To begin with, it is very important to get your own grinder. A grinder separate from your wheat grinder. You don't want to cross contaminate. Fresh ground flour delivers a superior taste and freshness. Flours that are purchased loose so much nutrition which defeats the whole point of cooking it yourself anyways. You also want to make sure that you use gluten free baking powder, vanilla and spices. If you are unsure; google it. You will almost always find your answer. As soon as you learn which ingredients to buy, it is really pretty easy.
The grains/flours I rotate are:
coconut flour - great for sweets and treats
teff - great source of iron
quionoa - a super grain , has a high amount of lysine and protein.
brown rice, sweet brown rice, white rice - a great base for most recipes
millet - very mild taste and an alkaline grain
amaranth - good fiber, iron and vitamin C
You also want to make sure that you use Xanthan gum which acts like gluten. Gluten helps to bind the food together. The general rule is about 1 tsp of Xanthan gum for 2 - 3 cups of flour in a recipe. You can get it at most stores like Sprouts or Whole Foods.
I also am dairy free for Tate so I substitute milk for rice milk or coconut milk. I use mostly coconut oil and sometimes olive oil and grape seed oil. Other than that, I keep the recipes the same. I use less sugar than the recipes call for and try to use honey, real maple, brown sugar and raw sugar. You need to freeze the leftovers because they don't last long. I usually make big batches and keep them frozen for later
use. You also cook the foods on a lower temperature , usually around 325. Those are my little secrets. It really does get easy.
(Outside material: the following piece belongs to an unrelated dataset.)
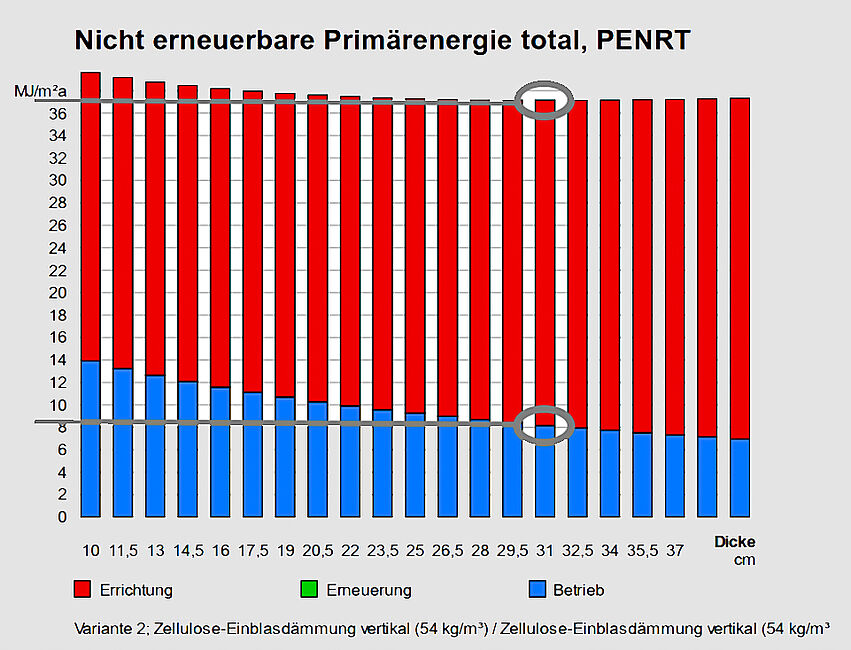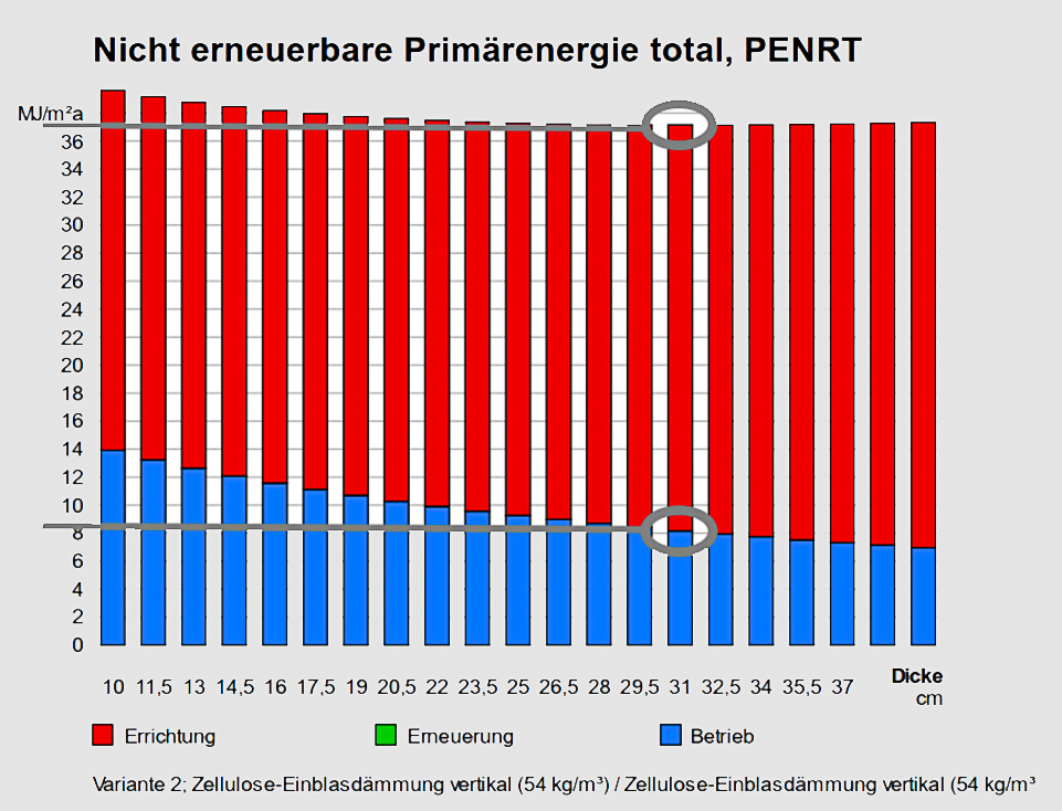 Erweitert man den Auswahlrahmen um die ökologischen Faktoren, zeigt sich nach Abbildung 2, dass mit einer rein kostenorientierten Auswahl ein erhöhter Ressourcenverbrauch einhergeht. Konkret bedeutet die Verwendung von 40 cm Glaswolle einen Bedarf an nicht erneuerbarer Primärenergie von ca. 44 MJ/m²a gegenüber etwa 37 MJ/m²a beim Einsatz von Zellulose-Einblasdämmung

Today's recipe to pass on is the waffle. My first waffles I made were hard as a rock. I felt so sorry for Tate. We had to use lots of syrup. These new waffles are so good, they taste much like a churro. They are very healthy and he loves to just eat them plain as a snack. I am so proud of them. They are by far the best gluten free waffle I have ever tried and I have tried many! You do these completely in a blender so you can make these even if you don't have a grinder. I adapted them from a recipe I use with wheat. You can change out the grains in many combinations or use all brown rice if that's all you have. Here is my favorite combination:
Apple Blender Waffles
1/3 cup brown rice
1/3 cup teff
1/3 cup millett
1/4 cup flax meal
2 cups milk or milk substitute
1 medium apple, quartered; peel, seeds and all
Blend until smooth.
1/2 tsp salt
1 Tbl. coconut oil
1 tsp vanilla
1 tsp cinnamon
1/2 T. baking powder
Blend again just until all mixed. Cook on a hot waffle iron. Fill up more than a regular waffle as it won't puff up as much . Cook a little longer if needed to get crisp. It may take a few trial runs to get the right batter quantity. I love the professional waffle griddles that rotate and make a great fluffy waffle. So Yummy.